Am Montag, den 30.11.2015, 10:49 +0530 schrieb Viresh Kumar:
On 27-11-15, 12:56, Lucas Stach wrote:
Sorry for being late to the party, as this has long been applied, but I stumbled upon this while looking at other stuff and wanted to express my finding.
No issues, we can still fix things if they have gone wrong.
From a short look this change is totally bogus.
That's a bit shocking, after two people reviewed and tested it :)
The *_dbs_timer functions are called from a workqueue on each CPU.
Right.
Moving the time_stamp and the timer_mutex to a shared structure now causes a thundering herd issue on multicore systems.
You faced an issue or you just think that something is wrong ?
The timer_mutex is one of the top contended locks already on a quad core system. That really doesn't look right, as the timer is quite low frequency. It's causing excessive wake ups, as all 4 CPUs wake up to handle the WQ, 3 of them directly go back to sleep waiting for the mutex to be released, then same thing happens for CPUs-1 until we rippled down to a single CPU.
All workqueues wake up at the same time with all but one of the worker bouncing on the contended mutex.
This is exactly what used to be done earlier, but it was designed badly. For example, for ondemand governor, each CPU had a struct od_cpu_dbs_info_s and we only used the od_cpu_dbs_info_s for the 'policy->cpu'. So, even if all CPUs had this structure (i.e. the time_stamp and the lock), we only used structure for policy->cpu.
Ok, so this patch isn't actually at fault.

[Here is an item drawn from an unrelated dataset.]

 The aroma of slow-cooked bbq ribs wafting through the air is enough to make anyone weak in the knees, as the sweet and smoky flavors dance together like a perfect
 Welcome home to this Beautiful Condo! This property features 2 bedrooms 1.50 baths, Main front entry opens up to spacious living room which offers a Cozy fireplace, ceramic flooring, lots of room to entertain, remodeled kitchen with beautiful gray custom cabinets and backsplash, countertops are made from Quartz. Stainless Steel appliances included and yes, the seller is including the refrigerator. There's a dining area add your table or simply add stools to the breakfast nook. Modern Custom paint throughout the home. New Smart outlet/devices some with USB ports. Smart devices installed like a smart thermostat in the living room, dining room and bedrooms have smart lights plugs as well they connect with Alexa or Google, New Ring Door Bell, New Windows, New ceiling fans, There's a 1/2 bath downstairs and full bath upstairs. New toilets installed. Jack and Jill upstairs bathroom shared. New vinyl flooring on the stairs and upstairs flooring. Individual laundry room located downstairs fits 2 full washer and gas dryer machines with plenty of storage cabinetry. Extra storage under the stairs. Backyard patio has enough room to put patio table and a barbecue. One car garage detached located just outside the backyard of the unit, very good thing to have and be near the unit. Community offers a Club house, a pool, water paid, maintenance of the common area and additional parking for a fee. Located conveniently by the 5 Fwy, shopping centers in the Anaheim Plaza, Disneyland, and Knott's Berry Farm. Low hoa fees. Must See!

My apologies. It was just the first thing down the git history that catched my eye when looking into why the timer mutex is this badly contended. I would say it's still worth fixing. Perhaps by not waking all the workqueues at the same time, but spreading the wake times out over a jiffy.
Also sharing the time_stamp causes all but the first worker to acquire the mutex to not properly update their sampling information, I guess.

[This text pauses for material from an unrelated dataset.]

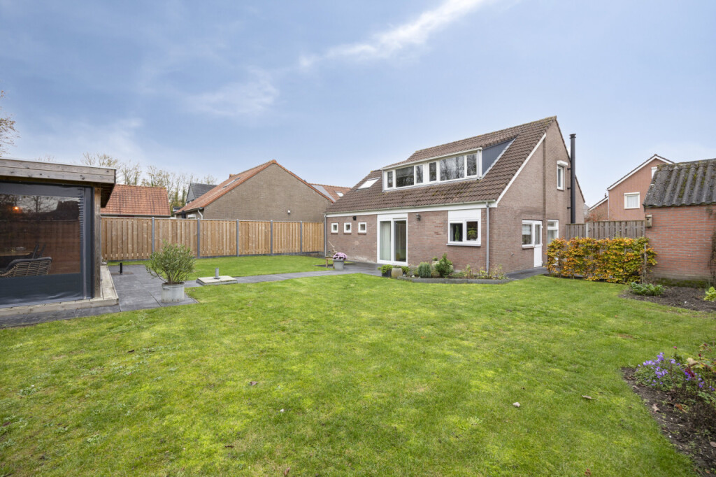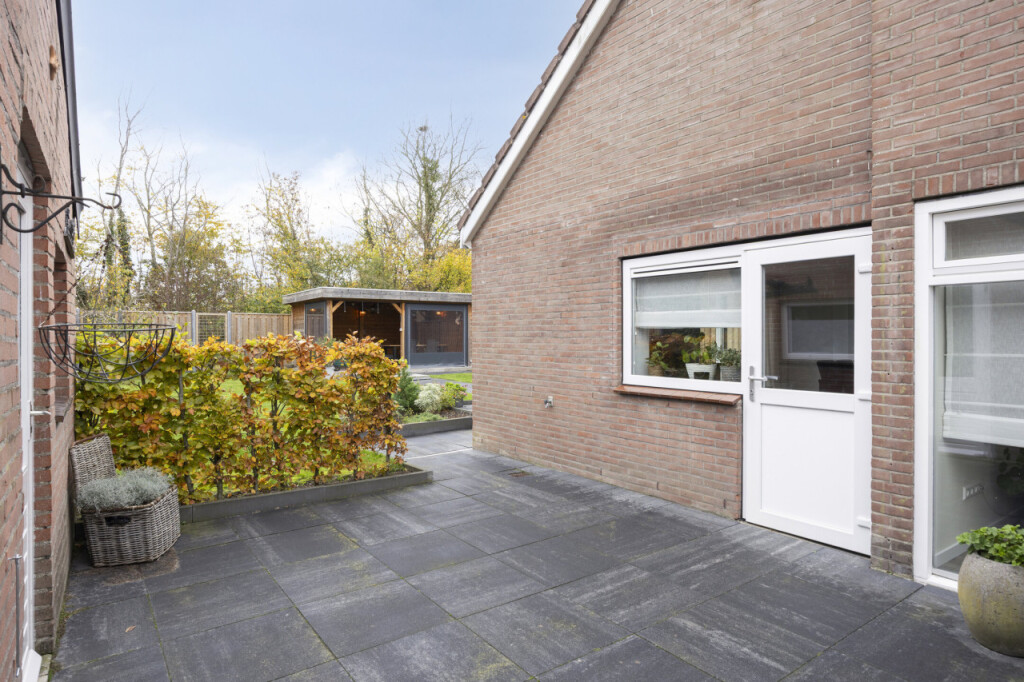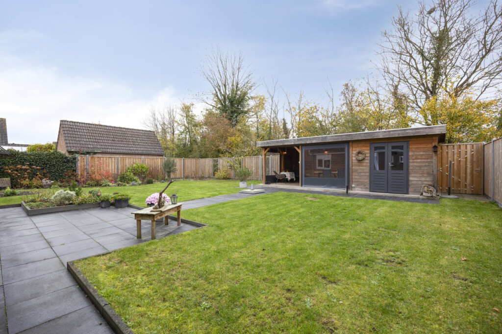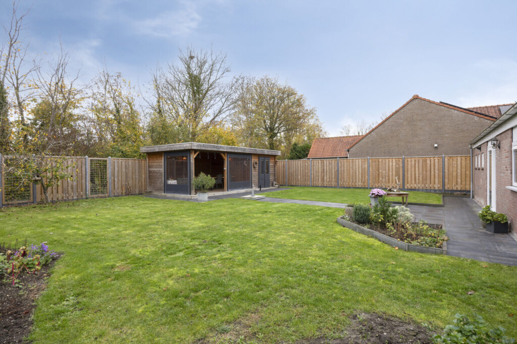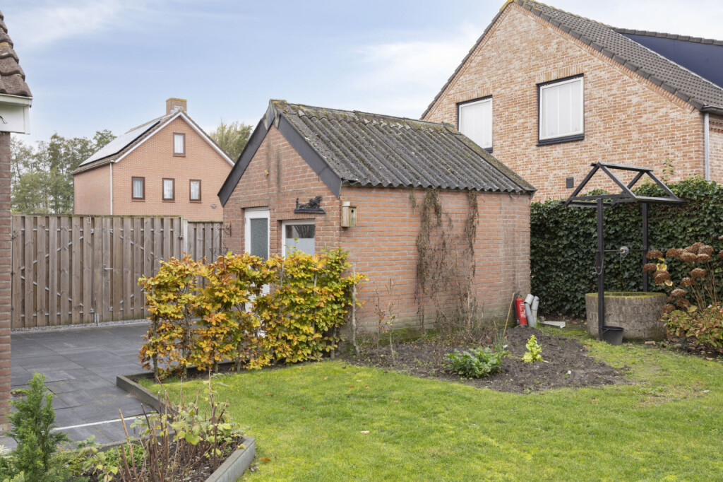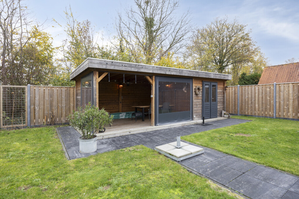 De tuin is een heerlijke plek om te ontspannen. Vanuit de keuken stap je via de zijdeur of de schuifpui zo naar buiten, waar de recent geplaatste houten overkapping direct in het oog springt. Deze kan volledig worden afgesloten, zodat je ook tijdens regenachtige dagen comfortabel buiten zit. Aan de rechterzijde van de overkapping bevindt zich een praktische berging, en aan de zijkant van de tuin staat een vrijstaande stenen berging die perfect is voor fietsen of tuingereedschap. Dankzij de waterput kun je de tuin bovendien eenvoudig en zuinig bewateren. Ook op het gebied van duurzaamheid zit je hier goed: de woning is voorzien van 7 zonnepanelen, wat zorgt voor lagere energiekosten en extra wooncomfort.

Yeah, that's what we want per-policy.
That I still don't really understand. If we only sample a single CPU, why do we also wake all the others? Also if we serialize on the timer_mutex and only the first CPU to acquire it updates the sampling information, is it ok that essentially a random CPU will do the work?
Again, I didn't really take the time to understand the code in depth, hoping that you could provide the answers to those questions more easily. :)
Thanks, Lucas